▶ _TASK INSTRUCTIONS_
Using the material below, return exactly the lines between the one holding "A teď k receptu." and the one holding "Deze partij bestaat", inclusive, and no others.

======== DATA FOR REVIEW

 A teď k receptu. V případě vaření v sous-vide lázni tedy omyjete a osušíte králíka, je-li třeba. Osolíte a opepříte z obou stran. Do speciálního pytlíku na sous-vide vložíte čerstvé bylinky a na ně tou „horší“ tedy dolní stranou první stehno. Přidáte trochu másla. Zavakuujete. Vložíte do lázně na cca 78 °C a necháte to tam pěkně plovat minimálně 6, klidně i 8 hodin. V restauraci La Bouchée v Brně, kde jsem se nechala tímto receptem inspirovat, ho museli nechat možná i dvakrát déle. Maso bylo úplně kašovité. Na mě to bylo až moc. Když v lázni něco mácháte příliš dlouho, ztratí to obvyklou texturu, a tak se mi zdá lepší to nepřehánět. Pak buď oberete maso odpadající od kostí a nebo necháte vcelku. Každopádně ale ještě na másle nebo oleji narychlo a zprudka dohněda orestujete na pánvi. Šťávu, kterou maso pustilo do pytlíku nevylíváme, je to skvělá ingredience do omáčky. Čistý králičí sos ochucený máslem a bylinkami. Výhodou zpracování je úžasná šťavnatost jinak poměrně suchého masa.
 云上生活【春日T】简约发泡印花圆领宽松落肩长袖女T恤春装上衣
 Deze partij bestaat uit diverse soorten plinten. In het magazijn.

================
======== DATA FOR REVIEW

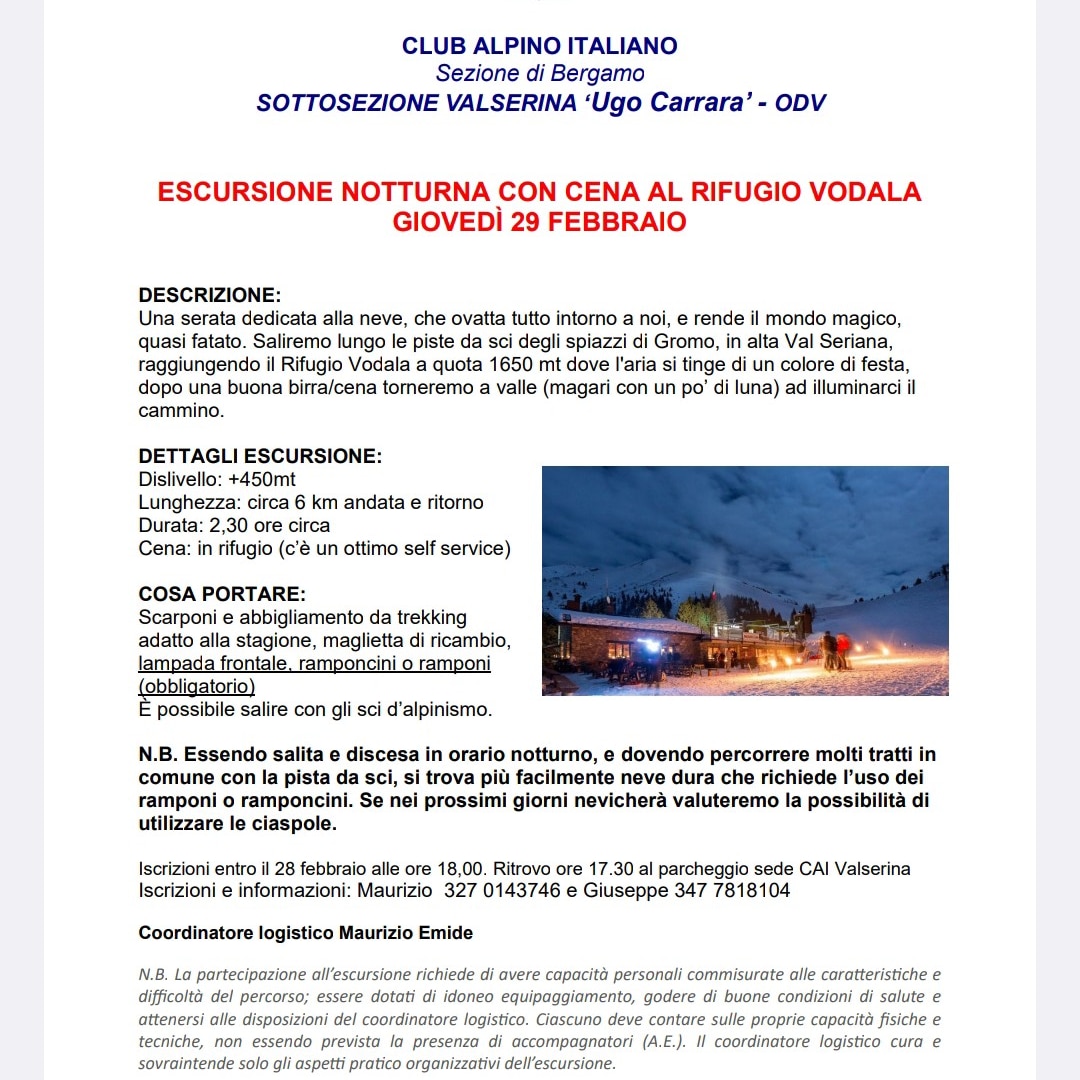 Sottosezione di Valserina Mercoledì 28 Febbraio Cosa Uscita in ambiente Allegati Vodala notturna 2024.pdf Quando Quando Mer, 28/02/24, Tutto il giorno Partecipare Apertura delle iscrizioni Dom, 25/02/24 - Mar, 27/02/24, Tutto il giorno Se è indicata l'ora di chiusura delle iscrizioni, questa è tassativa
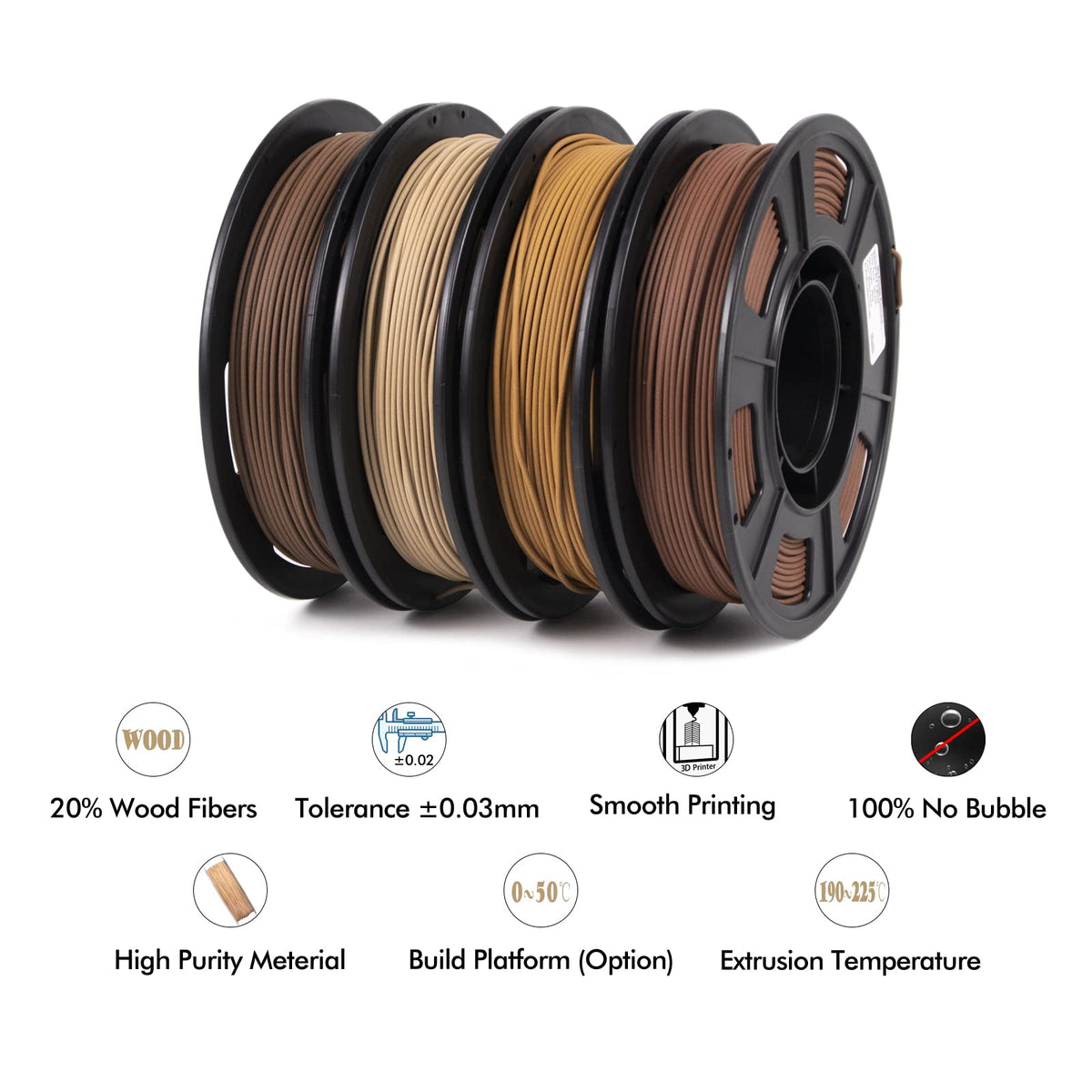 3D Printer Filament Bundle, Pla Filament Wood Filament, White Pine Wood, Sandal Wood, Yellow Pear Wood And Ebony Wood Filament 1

================

▶ _EXERCISE RESPONSE_
 A teď k receptu. V případě vaření v sous-vide lázni tedy omyjete a osušíte králíka, je-li třeba. Osolíte a opepříte z obou stran. Do speciálního pytlíku na sous-vide vložíte čerstvé bylinky a na ně tou „horší“ tedy dolní stranou první stehno. Přidáte trochu másla. Zavakuujete. Vložíte do lázně na cca 78 °C a necháte to tam pěkně plovat minimálně 6, klidně i 8 hodin. V restauraci La Bouchée v Brně, kde jsem se nechala tímto receptem inspirovat, ho museli nechat možná i dvakrát déle. Maso bylo úplně kašovité. Na mě to bylo až moc. Když v lázni něco mácháte příliš dlouho, ztratí to obvyklou texturu, a tak se mi zdá lepší to nepřehánět. Pak buď oberete maso odpadající od kostí a nebo necháte vcelku. Každopádně ale ještě na másle nebo oleji narychlo a zprudka dohněda orestujete na pánvi. Šťávu, kterou maso pustilo do pytlíku nevylíváme, je to skvělá ingredience do omáčky. Čistý králičí sos ochucený máslem a bylinkami. Výhodou zpracování je úžasná šťavnatost jinak poměrně suchého masa.
 云上生活【春日T】简约发泡印花圆领宽松落肩长袖女T恤春装上衣
 Deze partij bestaat uit diverse soorten plinten. In het magazijn.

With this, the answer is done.